>>
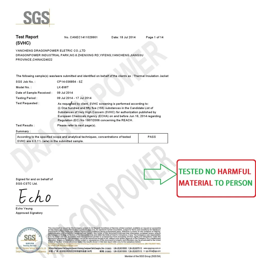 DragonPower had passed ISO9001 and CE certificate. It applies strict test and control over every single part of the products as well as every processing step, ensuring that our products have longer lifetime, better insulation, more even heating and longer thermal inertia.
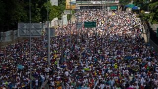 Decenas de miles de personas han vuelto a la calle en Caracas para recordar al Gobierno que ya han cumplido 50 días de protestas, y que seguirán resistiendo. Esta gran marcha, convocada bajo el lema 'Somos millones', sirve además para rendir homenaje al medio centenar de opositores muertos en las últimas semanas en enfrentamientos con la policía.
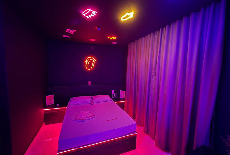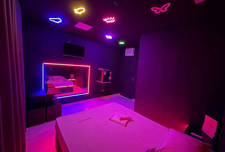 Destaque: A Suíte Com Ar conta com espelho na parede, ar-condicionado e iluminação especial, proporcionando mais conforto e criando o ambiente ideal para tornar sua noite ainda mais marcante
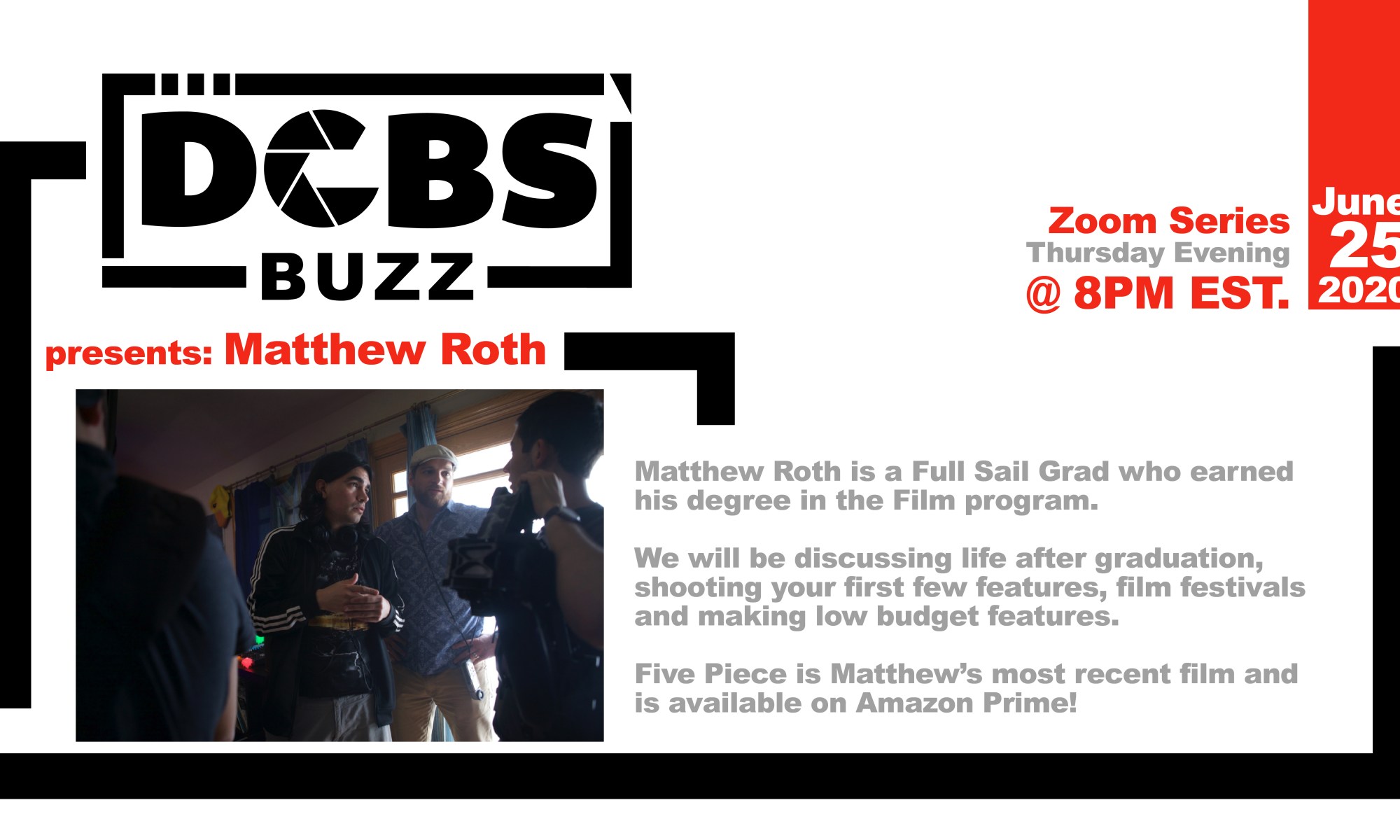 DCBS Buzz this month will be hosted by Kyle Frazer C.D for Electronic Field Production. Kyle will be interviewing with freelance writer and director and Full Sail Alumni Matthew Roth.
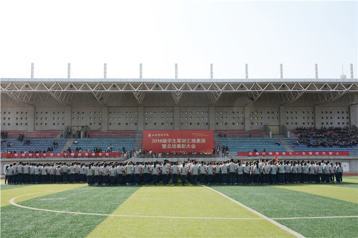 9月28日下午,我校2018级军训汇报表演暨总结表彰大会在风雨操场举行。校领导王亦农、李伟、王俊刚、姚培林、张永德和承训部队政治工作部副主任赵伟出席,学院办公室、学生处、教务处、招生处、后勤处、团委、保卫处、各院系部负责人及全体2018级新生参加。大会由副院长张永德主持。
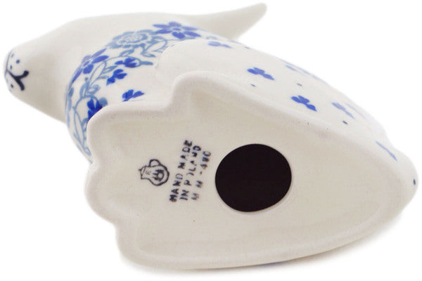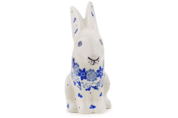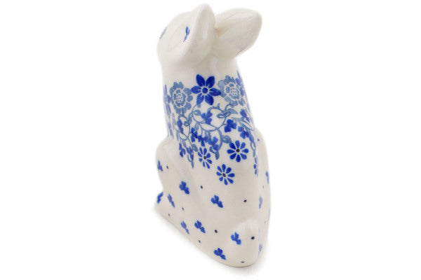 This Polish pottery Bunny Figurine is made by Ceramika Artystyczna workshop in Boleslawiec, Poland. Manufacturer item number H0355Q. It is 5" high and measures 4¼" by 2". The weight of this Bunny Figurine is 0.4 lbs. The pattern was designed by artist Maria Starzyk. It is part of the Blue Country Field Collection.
<<
• ABOUT THIS TASK:
All that is wanted is the lines from the one holding "DCBS Buzz this" through the end of the material, duplicated exactly, with no pictures.

• ANSWER BELOW:
 DCBS Buzz this month will be hosted by Kyle Frazer C.D for Electronic Field Production. Kyle will be interviewing with freelance writer and director and Full Sail Alumni Matthew Roth.
 9月28日下午,我校2018级军训汇报表演暨总结表彰大会在风雨操场举行。校领导王亦农、李伟、王俊刚、姚培林、张永德和承训部队政治工作部副主任赵伟出席,学院办公室、学生处、教务处、招生处、后勤处、团委、保卫处、各院系部负责人及全体2018级新生参加。大会由副院长张永德主持。
 This Polish pottery Bunny Figurine is made by Ceramika Artystyczna workshop in Boleslawiec, Poland. Manufacturer item number H0355Q. It is 5" high and measures 4¼" by 2". The weight of this Bunny Figurine is 0.4 lbs. The pattern was designed by artist Maria Starzyk. It is part of the Blue Country Field Collection.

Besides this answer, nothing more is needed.